There’s a clear message around the team this week. Nothing else matters.

“It’s gotta be tunnel vision,” senior center Pat Elflein says. “There’s no other option.”

This is hardly a new thing in football and in sports. The “one game at a time” saying is one of the oldest clichés in the book. But Urban Meyer and some of his players admitted Wednesday after practice it might have been hard to ignore a lot of the outside talk.

Ohio State entered last Saturday’s game against Penn State as the No. 2-ranked team in the country. Most had the Buckeyes pegged as serious College Football Playoff contenders — and most still do despite a loss to the Nittany Lions — and many were already starting to look ahead to the Nov. 26 showdown with archrival Michigan.

“It’s a little bit a product of the College Football Playoff and it’s a product of — because it’s such attention and great for the sport, great for us,” Meyer said. “We’re such a young team, we better focus on playing a young team that’s on a roll right now so that’s the reason we do that. It’s just focus.”

“I think this week the focus has really just been we’re playing Northwestern and we can’t get ahead of ourselves,” senior linebacker Joe Burger added. “Some of that might have happened the past couple of weeks. Everyone is trying to blow up The Game and right now we’ve blocked off everything else and we’ve focused on what’s happening this Saturday.”

Let’s be clear: Ohio State didn’t overlook Wisconsin, a top-10 opponent on the road. The Buckeyes didn’t look past Penn State, another quality team that plays in one of college football’s toughest atmospheres, either. It would be rather foolish to think Ohio State was looking ahead to a late November matchup in mid-October, but perhaps it did get caught up in the hype a bit.

The Buckeyes got beat and they accept that. But what that stunning 24-21 loss last weekend taught Ohio State is simple: Focus on the next game and that alone.

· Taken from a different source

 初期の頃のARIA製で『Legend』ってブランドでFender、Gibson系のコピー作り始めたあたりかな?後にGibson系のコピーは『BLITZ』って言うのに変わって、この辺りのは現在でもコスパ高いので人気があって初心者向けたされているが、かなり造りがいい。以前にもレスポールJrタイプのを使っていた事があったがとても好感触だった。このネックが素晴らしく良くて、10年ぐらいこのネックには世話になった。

“We came in and got back to work like I said last week after the game,” middle linebacker Raekwon McMillan said. “It was the same demeanor that we always practice. We always go hard every day in practice, but it’s about coming back and doing what we’re supposed to do this week.”

The Wildcats present the Buckeyes with a stiffer challenge than many thought they would just a few weeks back. After starting 0-2, with one of those losses coming to an FCS team, Northwestern is riding a three-game winning streak and turned its season around.

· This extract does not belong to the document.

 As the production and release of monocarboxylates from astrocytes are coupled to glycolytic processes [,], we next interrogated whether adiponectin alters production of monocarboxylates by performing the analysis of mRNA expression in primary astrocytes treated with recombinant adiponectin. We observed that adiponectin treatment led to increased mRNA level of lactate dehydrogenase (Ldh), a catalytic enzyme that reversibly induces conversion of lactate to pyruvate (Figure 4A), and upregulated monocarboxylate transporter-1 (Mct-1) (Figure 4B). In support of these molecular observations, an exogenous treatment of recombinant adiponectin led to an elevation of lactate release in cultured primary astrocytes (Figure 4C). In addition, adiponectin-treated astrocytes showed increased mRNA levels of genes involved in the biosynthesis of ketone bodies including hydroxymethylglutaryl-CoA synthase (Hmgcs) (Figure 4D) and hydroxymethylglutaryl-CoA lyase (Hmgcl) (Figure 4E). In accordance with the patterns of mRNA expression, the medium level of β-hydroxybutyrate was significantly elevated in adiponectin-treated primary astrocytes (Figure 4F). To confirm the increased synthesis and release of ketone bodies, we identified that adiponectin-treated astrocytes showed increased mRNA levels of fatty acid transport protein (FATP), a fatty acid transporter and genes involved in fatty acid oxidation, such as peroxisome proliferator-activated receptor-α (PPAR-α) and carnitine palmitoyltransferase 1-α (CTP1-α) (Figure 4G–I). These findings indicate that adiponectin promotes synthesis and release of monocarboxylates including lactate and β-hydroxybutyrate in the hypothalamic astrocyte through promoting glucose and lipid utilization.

Ohio State would certainly like to have a non-quality opponent roll into town, but such is life. The Wildcats have the Buckeyes' attention.

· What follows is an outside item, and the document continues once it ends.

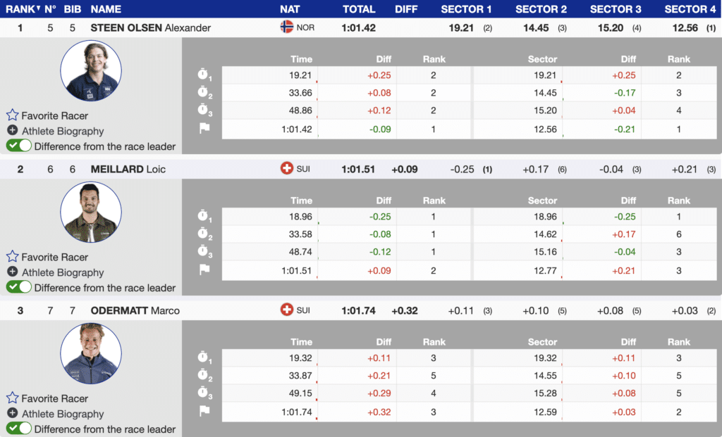 After Saturday’s first run of GS in Aspen, Colorado, the top three remain unchanged from yesterday. However, today, the leader isn’t Switzerland’s Marco Odermatt but the 22-year-old Norwegian Alexander Steen Olsen. Odermatt trails in third place, 0.32 seconds behind the leader, with his teammate Loic Meillard closely behind the Norwegian in second, just 0.09 seconds off the lead.

“That’s as improved a team as I’ve ever seen from beginning to now,” Meyer said of the Wildcats. “Three big wins, two on the road. Defining wins.”

The date with Michigan is still five weeks away. Ohio State knows it's there, it knows the Wolverines are just as good as they are this season. It's likely to be an epic showdown at Ohio Stadium with a lot on the line.

But not if the Buckeyes don't take care of their own business first. And because their margin for error is now gone following last weekend's loss in Happy Valley, all attention has been turned toward the most important game on the schedule.

The next one.

“We’re getting back to and not taking for granted the way we prepare and what got this program to where it is today,” Elflein said. “We really had to take a step back and reflect on why this program is where it’s at and really lock in on what got us there and continue to do that this week.”

Tunnel vision, indeed.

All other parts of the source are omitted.